If there’s one thing that I’m not, it’s a visual artist. I can’t draw and I struggle to paint unless it involves little more than pouring gobs of acrylics and just spreading it around a palette as though I’m icing a cake. It’s not my sense of color that’s the struggle, but rather the conveyance of anything life-like or even reminiscent of some thing. Anything. It’s the problem of getting the visuals of my mind to translate to the canvas.
Sure, in saying that, I set myself up. I have absolutely no authority to say the things that I’m about to. And some might wonder if I should. Is it fair to throw stones at a media campaign whose only intention is the betterment of society? Probably not, but I can’t keep it to myself any longer.
And all in all, this shit is really so bad, that it’s pretty awesome.
Exhibit A:
I first noticed this poster on Davie Street a couple of weeks ago, and since then have seen 2 other varieties in various locations around town. I was so dumbfounded by the thing that I had to stop for a moment and take it all in.
First off, obviously enough, it’s blatant. Obviously. What a better way to sell gay men something then have it regarding sex and nudity. But it’s not the blatant suggestions of sexual intercourse and bondage that bothers me, it’s just about everything else. Perhaps it was the bizarre proportions of everything in the picture, or maybe the fact that Tarzan looks more like Kenny G than an apparently attractive hero.

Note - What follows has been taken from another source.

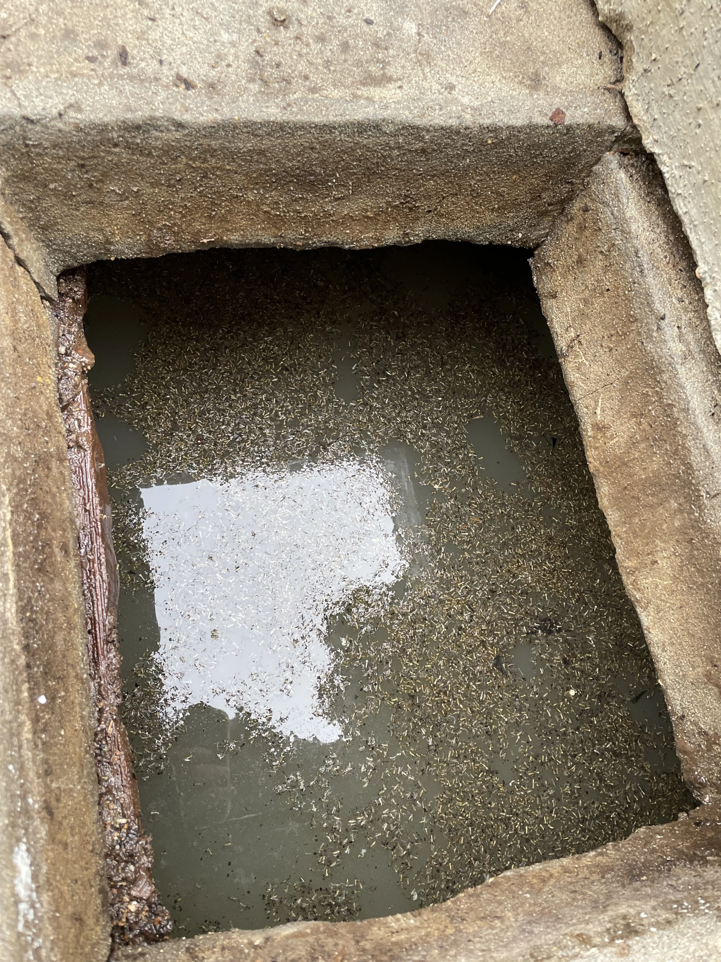 Kyle lifted the wood planks that covered the tank and found there were cracks all along the top of the concrete where the mosquitoes would make their escape. He got some spray foam and tried to seal all the cracks, the only problem was, it wouldn’t stop raining long enough for it to dry! The rain just kept coming and the mosquitos had babies to feed.
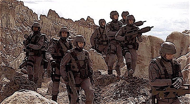 (TriStar Pictures, 1997) This mobile infantry uniform and body armor were custom-made by the production for use by various actors. The costume consists of a jacket, a pair of pants, chest and back armor that is made of rubber with attached nylon straps with plastic buckles attached, water bottle and pouch, a combat helmet painted gray with wear from use, a foam neck piece, a set of two stunt ammo clips with pouches, a set of two stunt grenades with pouch, knife holster with custom-made aluminum knife and a pair of size 10 US boots. Wear from use and storage is present. Studio blood is also applied in some areas.

Was this some organization’s attempt at re-creating the stimulation that house-wives feel when they pick up a Harlequin Romance at the grocery store?
What really got me about this poster was more in the subtle details: I had to actually ask myself if the monkey in the background was trying to free the fellow on the tree, or if he in fact was the one doing the bondage. What does the panther have to do with anything? It’s almost like the artist is saying to us, “I can draw a panther!” “Look at my monkey, he’s pretty.”
And why does he have only one shoe? and… are you serious? Do those sequoias really have testicles??? You’ve got to be kidding me.
So maybe they’ve done what they set out to do. Perhaps What-It-Takes.org‘s intention was to capture the imaginations, and attentions of us “high risk” individuals who wander the west-end. And, well, it worked. And I can’t say I’d turn away the opportunity to frolic around some mythical garden of Eden with a handsome fellow, or wait in a tree for Tarzan to swing in at-the-ready, but really??
It just goes too far.
It’s not like they don’t have something important to say. Honestly check it out. The message is vital to our community and the world. For myself though, the message is too fucked up.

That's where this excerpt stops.